Wednesday, December 28, 2016

the black rabbit strikes again

I feel as if I should write something brief to mark the death (at a pretty respectable 96) of Richard Adams, if only to exonerate my own blog from suspicion. While I have read a few of his books, none of them were within the lifespan of this blog, and so the Curse of Electric Halibut cannot be blamed. As you'll see I have referred tangentially to a couple of his books within some old posts, though.

Obviously he's mainly famous for Watership Down, and rightly so as it's a classic. As with all books nominally classified as children/young adult literature there's probably an optimal age to read it, maybe early teens. I think I was probably about fifteen when I picked up the old Puffin edition (pictured on the right) that my parents had had lying around on a shelf for years, but I can't really remember. Many people's recollections will have been coloured by the 1978 film, and if I'm honest I couldn't swear with complete confidence which order I encountered them in, i.e. I might quite possibly have seen the film first. The loathsome Art Garfunkel song aside it's actually pretty good and a very faithful adaptation of the book.

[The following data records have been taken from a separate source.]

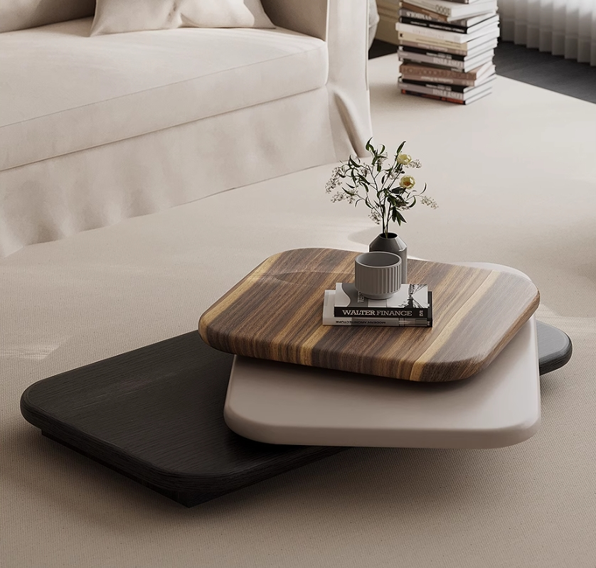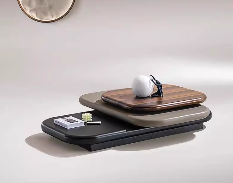 The Trio Elevate Center Table is a modern sculptural piece featuring three layered platforms in rich walnut, soft taupe, and deep charcoal finishes. Its floating, stepped design creates a dynamic centerpiece that blends organic warmth with minimalist elegance. Perfect for stylish living rooms, it offers both visual interest and functional display space.
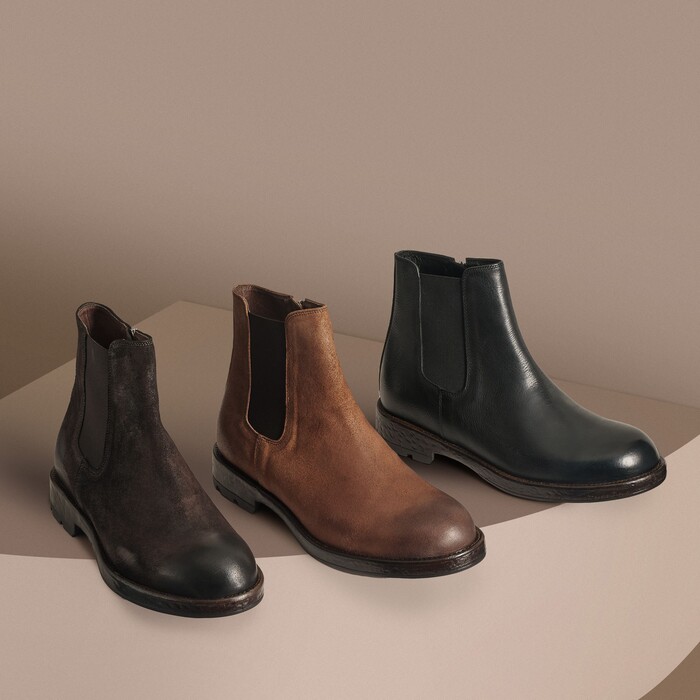 비즈니스 캐주얼룩부터 데일리룩까지 다양하게 활용 가능한 ‘빈티지 워커부츠’는 블랙, 탄, 진 밤 세 가지의 컬러로 출시됐다.
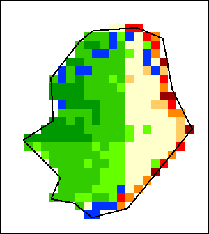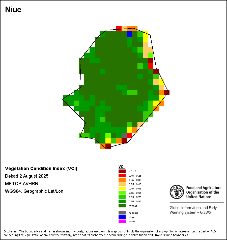 所有三项植被指标都是基于来自METOP-AVHRR遥感卫星分辨率1千米的10天(旬)植被数据(2007年及以后)得出的。1984-2006年期间的1千米分辨率数据得自NOAA-AVHRR16千米分辨率数据集。所有非洲国家的降水量估算(除佛得角和毛里求斯外)均取自NOAA/FEWSNet,其他国家则取自ECMWF。
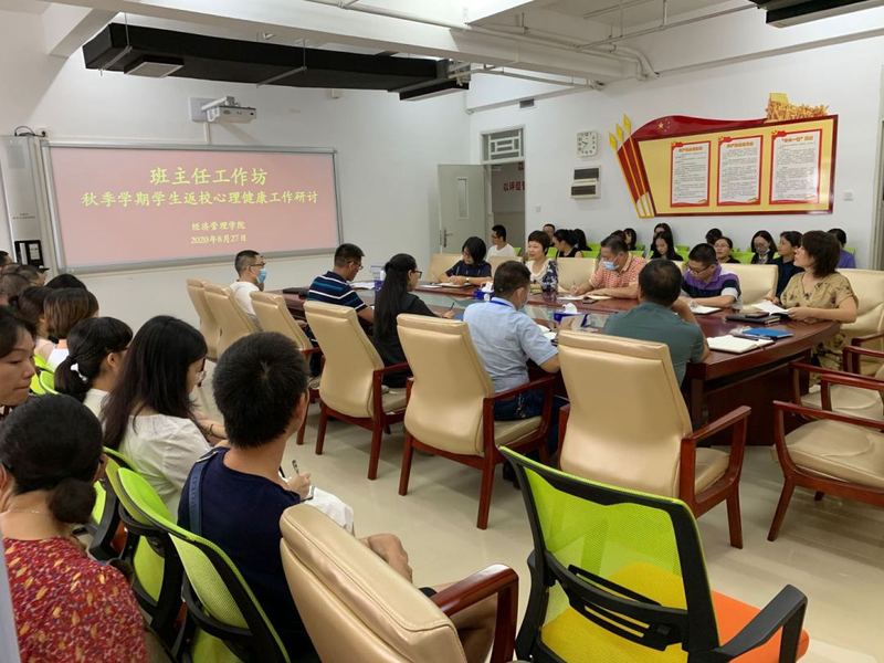 为进一步加强辅导员、班主任队伍建设,切实做好疫情防控常态化下的学生心理健康工作,8月27日上午,经济管理学院首期班主任工作坊暨2020年秋季学期学生返校心理健康工作研讨会在1508会议室举行,我校心理健康与咨询中心主任钟小川应邀为与会人员作了《心理危机的识别与干预》专题报告。经管学院党总支书记郑良才、全体班主任和辅导员参加了会议,会议由党总支副书记祝琳主持。

My other reason for writing this post, though, is to steer you away from Watership Down and onto some other stuff. Looking at his slim list of novels I actually find I've read all of them apart from the last one, Traveller. All of the ones I've read are well worth a look:
  • Shardik is a dense and complex fable set in an imagined world (map reproduced here) which would have been intensely reader-repellent to probably 90% of the people who read it thinking it was going to be Watership Down with bears. Adams apparently considered it the best thing he ever wrote, and he may have been right.
  • The Plague Dogs is probably a bit more in the young adult-friendly vein than Shardik, and it's very good, and was also filmed. I haven't seen this one, but unusually they changed the book's happy ending for a more downbeat one; usually it's the other way round. This is really the only one of Adams' other novels that reads like an attempt to write something similar to Watership Down; it's certainly the only other one to feature anthropomorphic animals (the bear in Shardik is less central to the story than the cover art and blurb suggest and is utterly wild and unpredictable), and it's really the only other one that'd be suitable for, or comprehensible to, children and young adults. 
  • The Girl In A Swing is a complete departure from any of the other books: definite adult theme, no animals of any kind. It's a sort of queasily erotic mystery story with possible supernatural undertones. I had no idea until five minutes ago that this one was also filmed, in 1988.
  • Maia is a sort-of prequel to Shardik; like Shardik it's really a book for adults, not least because there is quite a lot of sexy sexy times in it (cover art featured here). For a book of over a thousand pages it's a hoot to read and I've done so at least twice. No necessity, in my opinion, to have read the much more gnarly and complex Shardik first unless you want to; this one is much more of a rollicking adventure story. It also features the only fully-realised and convincing female characters in the Adams oeuvre; the females in Watership Down, for instance, being an afterthought and only brought into the new warren be impregnated by Hazel and his chums.